(AVAILABLE RECORDS)

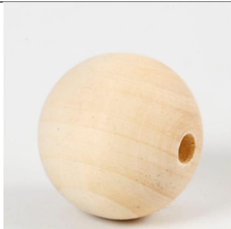
Wooden Bead, dia. 40 mm, hole size 7 mm, 6pc/ 1 pack Item no. 56676
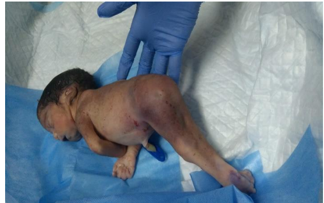
Figure 3: Absent anal opening in sirenomelia.

dimple only. There was no urethral and anal opening (Figure 1, 2, 3).
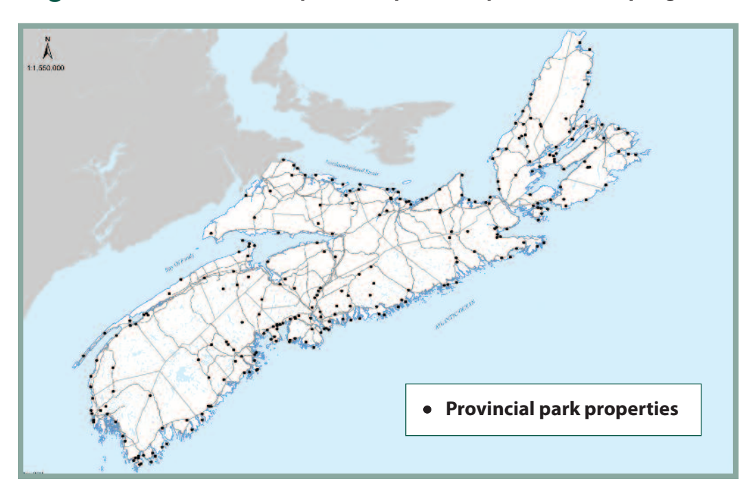
Figure 6-1. Nova Scotia's provincial parks and park reserves (Spring 2011)

Nova Scotia's provincial parks protect and showcase the province's natural diversity and cultural heritage, and encourage nature-based recreation, education, and tourism. (See Figure 6-2)
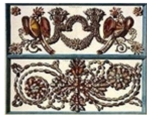
Plate 11.craft from seashell
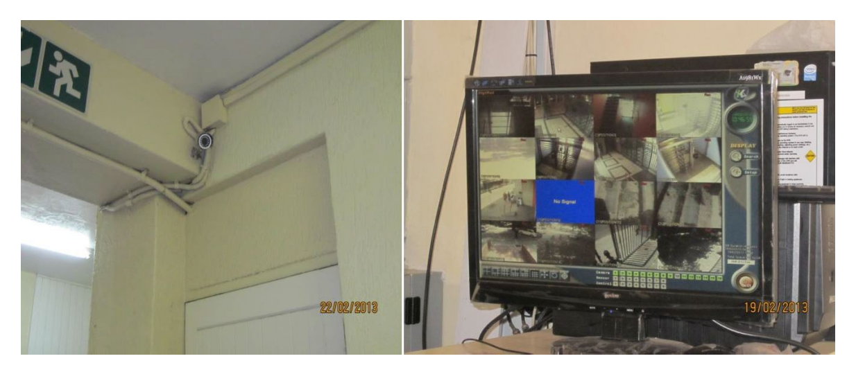
Whilst these arrangements appear draconian, residents tend to welcome them and point them out as the features they are most enthusiastic about. However, housing companies also use security to regulate their tenants and create restrictive environments. The numbers of people living in apartments are tightly controlled and housing companies (both social and for-profit) do not allow guests to stay overnight without pre-arranged permission. Whilst this access control is generally welcomed by tenants, it can also restrict their abilities to assist friends or family members who need temporary places to stay and is at odds with the fluid circumstances of many people living in the inner-city (see Mayson and Charlton, 2015).
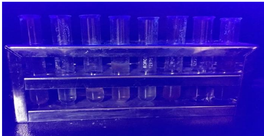
Figure 3: Fluorescence analysis of Pungampoo Chooranam Observation under Long UV light (365 nm)
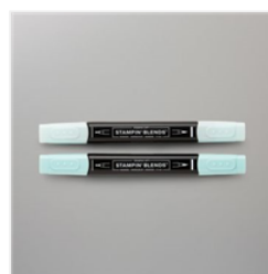
Pool Party Stampin' Blends Combo Pack - 144605
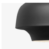
→ Matt Black
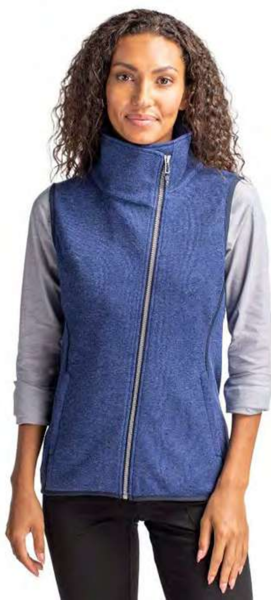
Mainsail Sweater-Knit Women's Asymmetrical Vest
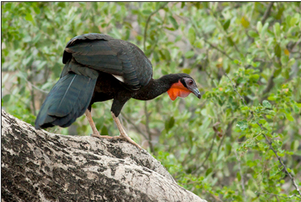
White-winged Guan
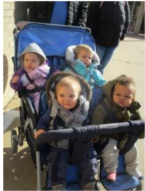
Our Stroller Ride to See the Big Fire Truck!
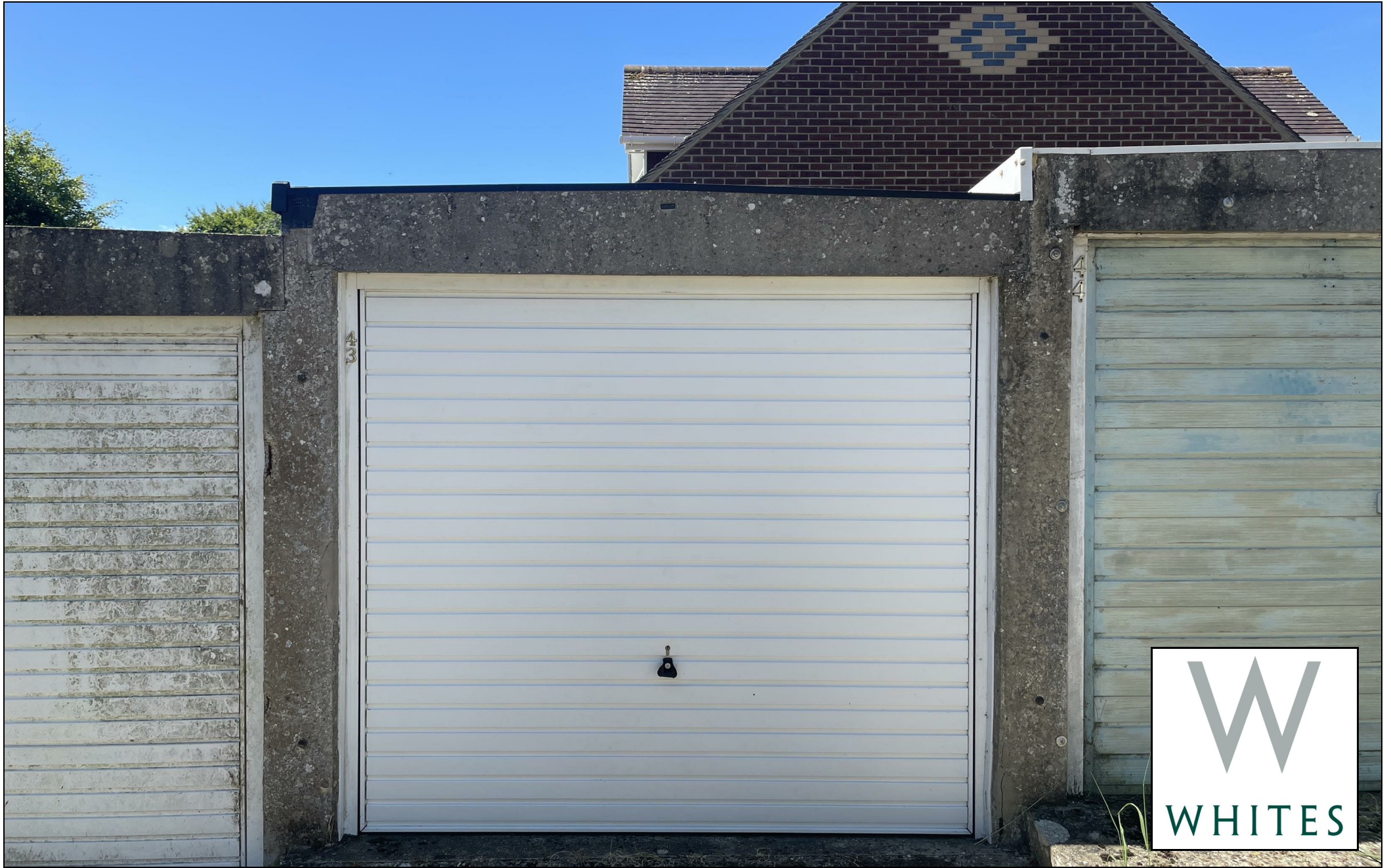
Garage 43, St Francis Road, Salisbury, Wiltshire, SP1 3QP
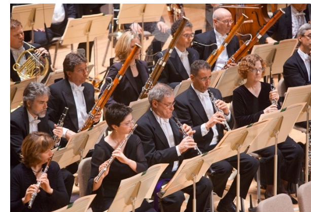
*Subject to change

(End AVAILABLE RECORDS)

WORK INSTRUCTIONS: Repeat exactly the lines from the first line of the records above through the line containing "Figure 6-1. Nova", leaving out the pictures.

EXERCISE RESPONSE:
Wooden Bead, dia. 40 mm, hole size 7 mm, 6pc/ 1 pack Item no. 56676
Figure 3: Absent anal opening in sirenomelia.

dimple only. There was no urethral and anal opening (Figure 1, 2, 3).
Figure 6-1. Nova Scotia's provincial parks and park reserves (Spring 2011)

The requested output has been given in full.